Tag team parents need support, even if they are grumpy
4 ways to support parents.
Three seems to be the magic number. Paying for one or even two (especially with the typical sibling discount) children to attend day care stretches the budget, but is doable for two-career families. However, when you add that third baby to the mix, the calculator comes out and the household budget gets picked over.
First, the essentials are highlighted. Groceries are necessary, as are utilities, the house and the cars. Then the extras are systematically chopped from the budget. Why do we eat out so much? No new car this year. Do we really need cable TV? Maybe we should look into switching cell phone plans. Generic brands are just as good.
While a percentage of families decide to become one-income households after hacking up their budgets, today’s economy doesn’t afford that option to everyone. Many do what my brother- and sister-in-law chose when baby number three was born. They now take turns with the kids and their jobs. It’s called tag team parenting.
Things to remember about tag team parents
They are not snubbing you. Between work and the kids, they barely have time for each other. If you haven’t heard from them in forever, give them a call. Yes, you’ll probably have to leave voicemail, but they will greatly appreciate you reaching out. And those few moments they are listening to your recorded voice are like an oasis in the chaos of their young family lives.
They are not mad at you. They are frazzled, sleep deprived, distracted parents trying to keep it together. Don’t take it personally if they come off edgy, punchy or short tempered. Give them a smile, hug and words of encouragement. And offer to babysit so they can enjoy some much-needed alone time.
Their budgets are limited. If they had spare cash dripping from their pockets enough to meet up at the vineyard or head to the mountains for a ski weekend, they wouldn’t be tag team parents.
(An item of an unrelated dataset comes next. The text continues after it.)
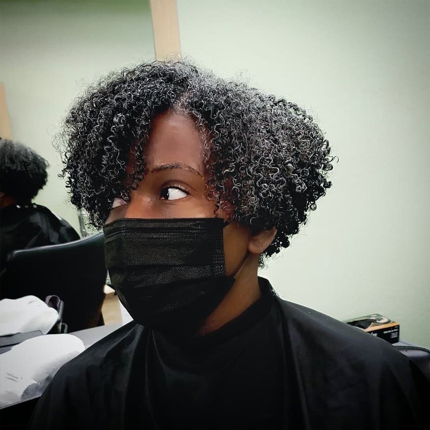 This haircut works well for people transitioning into embracing natural texture. Styling options remain flexible for different occasions. Consistent trims maintain shape and health.
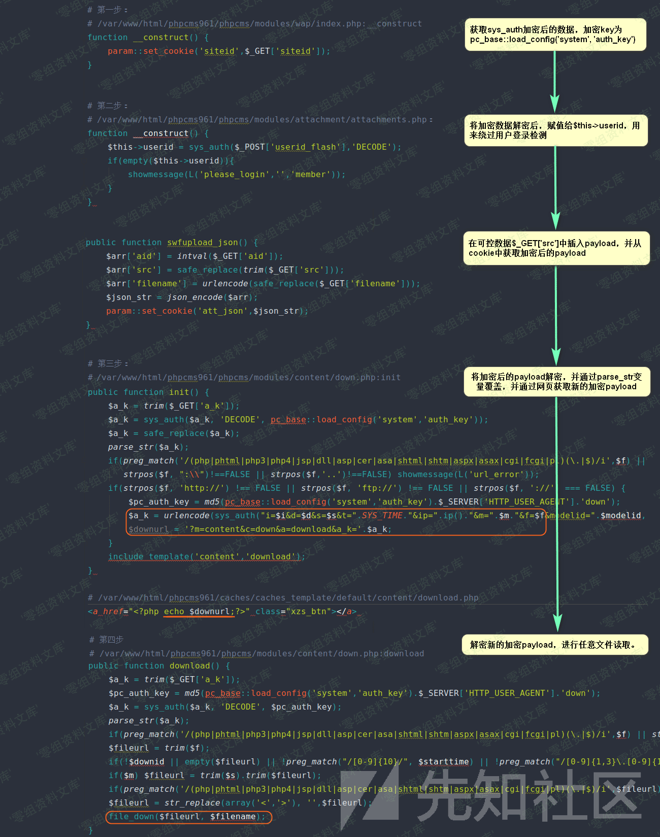 漏洞攻击链的前2步是一样的,这里不再赘述。(下图对应文件位置:phpcms/modules/content/down.php)

While taking their whole family out to the movies would be a budget breaker, they might appreciate borrowing a DVD and a recipe for homemade caramel popcorn. Better yet, make the caramel popcorn for them, as they will probably never find the time to make it.
They need support. Their system is bound to have gaps. An important impromptu meeting here or a busy grandparent there can offset the precarious balance of the tag team routine. Be there to lend a helping hand, whether to babysit, cook a meal or run an errand.
All it takes is a little community effort to make the world — even that of frazzled families — go round.